From the John Whitney Walter Collection

Sale: Triton XI, Lot: 894. Estimate $10000. 
Closing Date: Monday, 7 January 2008. 
Sold For $12000. This amount does not include the buyer’s fee.

Nero. AD 54-68. AV Aureus (7.35 g, 6h). Rome mint. Struck AD 64-65. NERO CAESAR AVGVSTVS, laureate head right / IVPPITER CVSTOS, Jupiter seated left, holding thunderbolt in right hand, scepter in left. RIC I 52; WCN 25; Calicó 412; BMCRE 67; BN 213-9. Superb EF, underlying luster, small mark on cheek. Fine style, and extremely well struck from fresh dies.


Ex John Whitney Walter Collection (Stack’s, 29 November 1990), lot 26 (enlarged on pp. 15 and 66); Leu 38 (13 May 1986), lot 239.

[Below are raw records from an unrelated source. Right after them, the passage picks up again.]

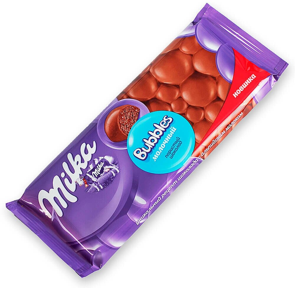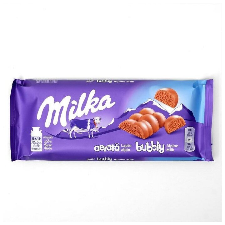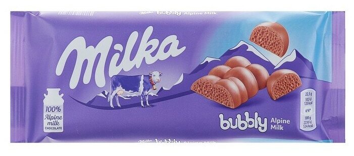 Пористый молочный шоколад Milka Bubbles приятно удивляет нежным и мягким вкусом. Это классическая плитка, поделенная на дольки для удобства отламывания.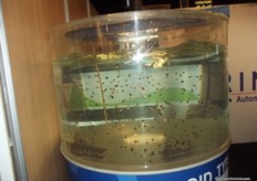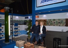 Meneer en mevrouw Jongkind van Jongkind BV. Links een buis waarin algen - die gebruikt worden als bodemverbeteraars - gekweekt worden.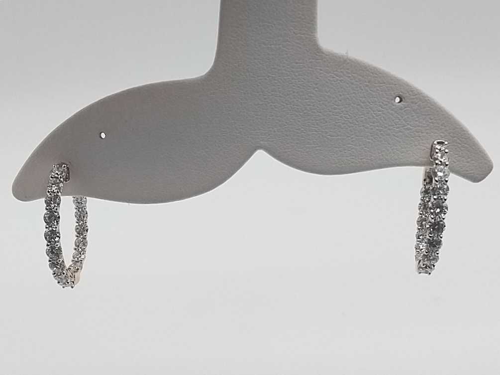 Overview 119010006111 3.0 Dwt Lab Grown Diamond 4.3 Grams Bangle Earring Sterling Silver. Good Pre-Owned Condition. Slight scratches on metal. Stamped 925. Material Type Silver Weight (in grams) 4.3 Quality 92.5% Stone Details # of Stones Color Size Shape Quality 30 Lab Grown Diamond 10 Round High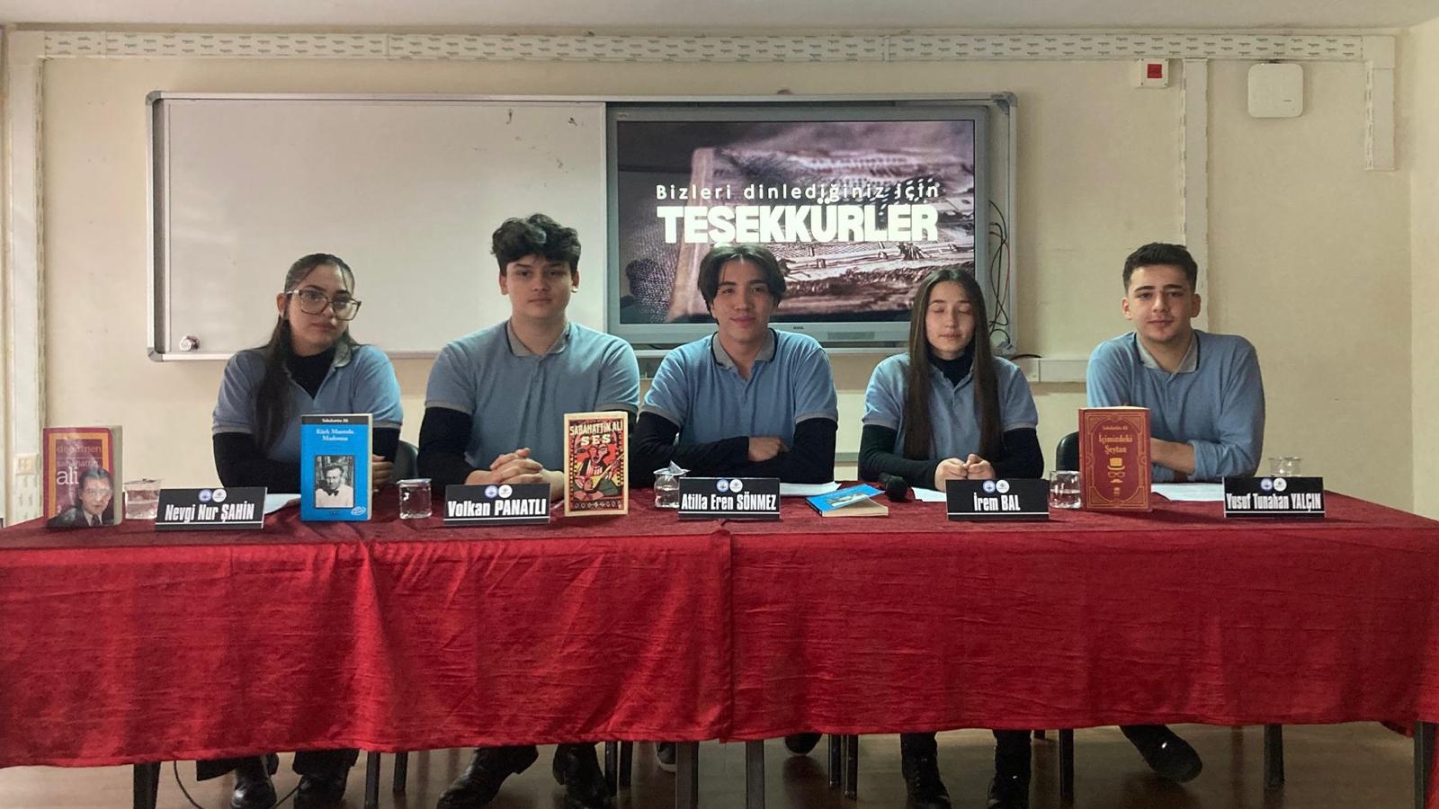 Sabahattin Ali Paneli, İbni-Sina Mesleki ve Teknik Anadolu Lisesi Türk Dili ve Edebiyatı Öğretmenleri Türkan Bozdağ ve Zümrüt Ok’un koordinatörlüğünde düzenlenmiştir. Sunuculuğunu Zümrüt Ok’un yaptığı panelin başkanlığını ise okul öğrencisi Atilla Eren Sönmez gerçekleştirmiştir. Panelde öğrencilerimiz: Volkan Panatlı “Sabahattin Ali’nin Yaşam Öyküsü İle Eserlerinin İlişkisi”; İrem Bal “Sabahattin Ali’nin Eserlerindeki Psikolojik Unsurlar”; Yusuf Tunahan Yalçın “Sabahattin Ali’nin Eserlerinde Doğa, Aşk ve Toplum”; Nevgi Nur Şahin “Sabahattin Ali’nin Edebi Dünyası ve Kitaplarla Olan Bağı”; Atilla Eren Sönmez ”Sabahattin Ali’nin Türk Edebiyatındaki Yeri ve Günümüze Etkisi” başlıklı sunumlarını yaptılar..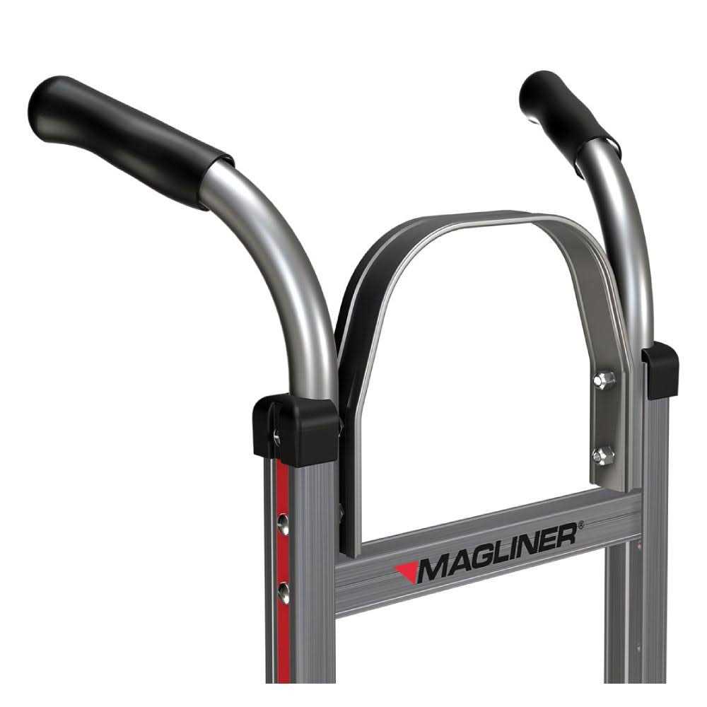 Magliner’s double pistol grip handle offers two-hand control for maximum management of heavy loads. Ergonomic handle grips provide optimum comfort. U-shaped brace increases the load surface area of frame. Hand truck frame not included.
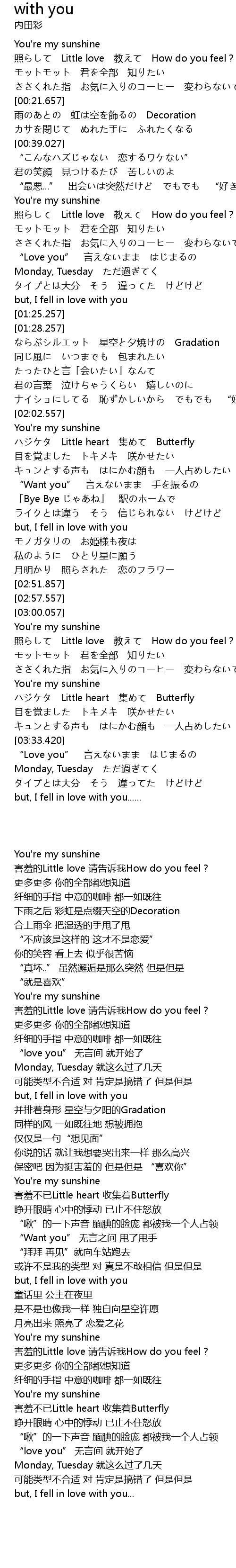 | [00:02.174] | 照らして Little love 教えて How do you feel? |

This reverse type commemorates the protection of Nero from the Pisonian Conspiracy. Events of the years 64-65 AD defined the subsequent reputation of Nero as a cruel and self-indulgent ruler. His "excesses" resulted in a conspiracy to overthrow and replace him with Gaius Calpurnius Piso. Among the conspirators were many high-ranking members of Nero's court including Seneca the Younger, the poet Lucan, and Petronius, who called himself Nero's "arbiter of elegance." To Nero, the failure of a conspiracy made up of those so close to him could have been achieved only through divine intervention. As the king of the Gods oversaw the security of the Roman state, Nero believed it was Jupiter the Guardian (Custos) who had saved him from harm.